There was disquiet at July's Fund Forum International conference in Monaco concerning the fund management industry's ability to cope with change and its impact on clients.

The mood reflected more what is apparently not happening rather than how to cope with new thinking and investment challenges. And with European pension reforms now blurring the boundaries further between retail and institutional business, there was talk suggesting investment offerings are not meeting client demands.

Helena Morrissey, chief executive at Newton Investment Management, echoed such comments during a discussion about the blurring boundaries of the pension fund market. She questioned why the fund sector does not engage more with pension fund clients and find out what they really want as service and product offerings."While things are changing clearly in terms of what clients want, the fund management industry has not done a great job of working with clients to understand they changing needs," said Morrissey.

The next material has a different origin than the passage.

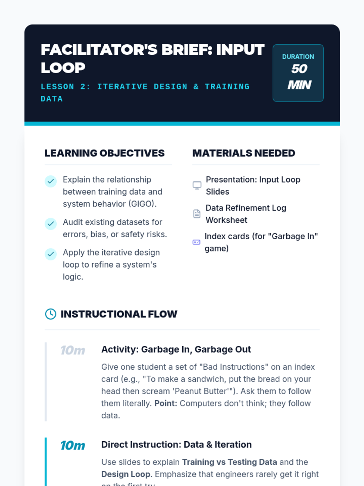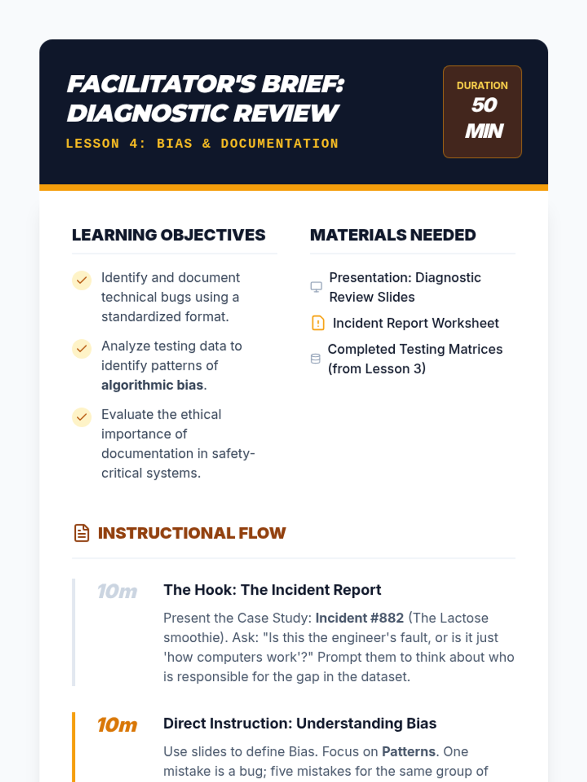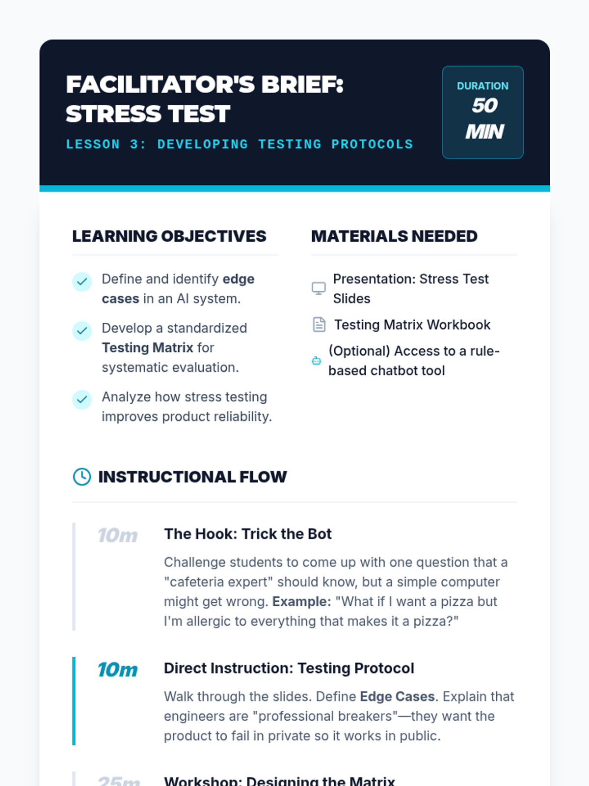 Students assume the role of Quality Assurance Engineers to audit and improve a flawed AI prototype through an iterative engineering lifecycle of testing, documentation, and refinement.

"CREATE [research] found clients want to go back to basics, global equities are their priority. We need to do a better job of discussing with our clients what they want. We also have to do a better job of talking to the consultants because they are also afraid of getting involved in our strategy," she added.

It seems the communication problem is not all one-sided, as fund managers want to engage with investors but are apparently frustrated at the lack of opportunity to do so. Pension funds and consultants, Morrissey again argued, simply don't ask questions of asset managers who do want to share their insight and add value.

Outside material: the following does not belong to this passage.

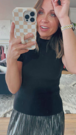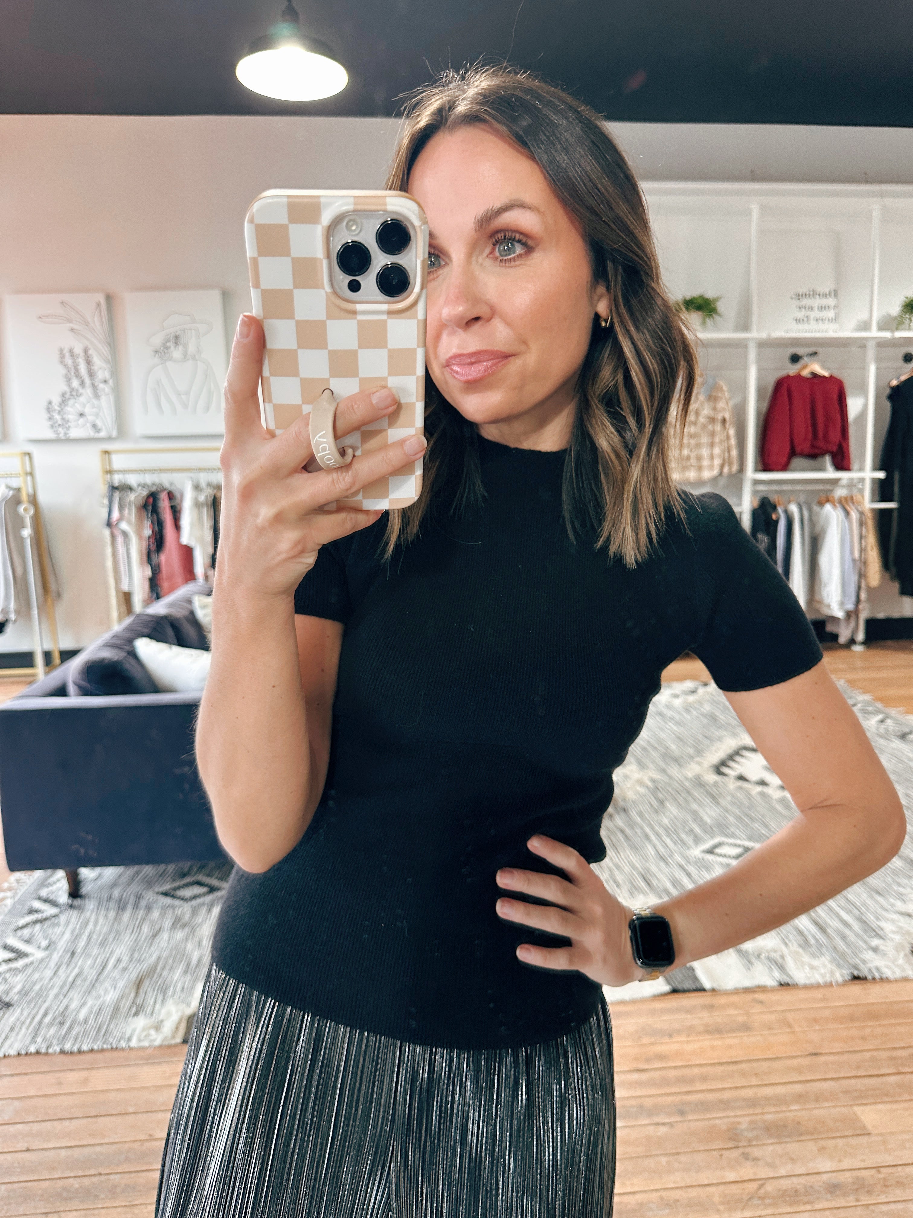 This is a great classic rib knit top to have for tons of outfits year round! This fits true to size with a mock neck, short sleeves and is a black color. This top is a fitted style that will look great tucked with fun flowy pants, skirts and even simply with denim!

"It is incumbent on the [pension fund] client, where the consultant is very powerful, to say we like your advice but we also want the opinion of the fund manager. If we go to a meeting of trustees, we are not asked to contribute to their strategy. Even if they don't listen, they should be asking and I would like to see more of that," added Morrissey.

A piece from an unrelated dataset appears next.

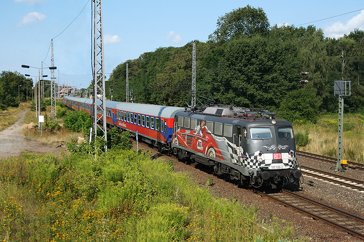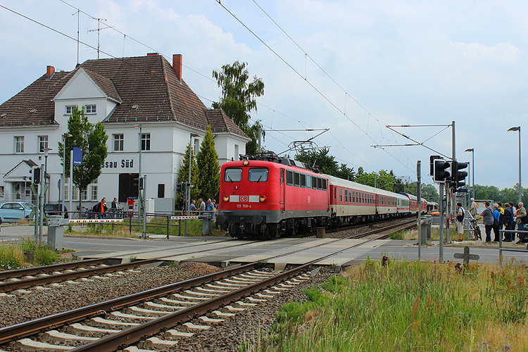 Dann ging es weiter nach Breddin, wo ich unter anderem 115 509 mit einem Kreuzfahrer-Sonderzug von Warnemünde nach Berlin aufnehmen konnte. |

Such discussions at the Fund Forum appear to signal a wider problem in general across the investment sector. CEO forums, for example, played down any immediate need to move from long-only strategies and engage in hedge fund or shorting products.

Yet traditional fund managers sought to stress their teams now operate within internal ‘boutique' environments delivering a range of skills and knowledge.

One of the most popular breakout sessions of the entire conference looked at the growth of 130/30 products and an apparent demand for access to these strategies by retail investors.

While 130/30 is being interpreted as an exact definition of how the products work, consensus suggested another label may be needed to reflect what is really a "prescriptive technique", given positions can move as little as 105/5 up to 150/50.

Elsewhere, the concept of absolute returns took quite a battering throughout discussions on the back of general recent poor performance, at one time described by High Willis of Bluebay Asset Management as "still not delivering anything more than traditional alpha". And yet the search for alpha has become the focal point of the entire fund management industry.

One of the more interesting presentations came from Dr Horace Brock, an academic and founder of Strategic Economic Decisions, who presented brief details of a paper soon to be published suggesting in a market where everyone has access to the same news and information, there are logically only three ways to add alpha.

The only ways to add alpha, he suggested, are to "exploit the existence of structural change, exploit market misbehaviour, such as short-term market volatility and long-term cycles, and exploit logical errors of inference about how the economy and markets actually work".

Moreover, active management will become increasingly important, said Brock, as indexed household growth will diminish over the next decade and a nation's wealth growth will need to be four times that of GDP just match the true value of GDP. In order to achieve even 8% return, new asset classes and thinking will be needed to look beyond data crunching.

Data may look good on paper, according to Brock, but a manager benchmarked against everyone else still has to use their own intelligence to know "when to get off".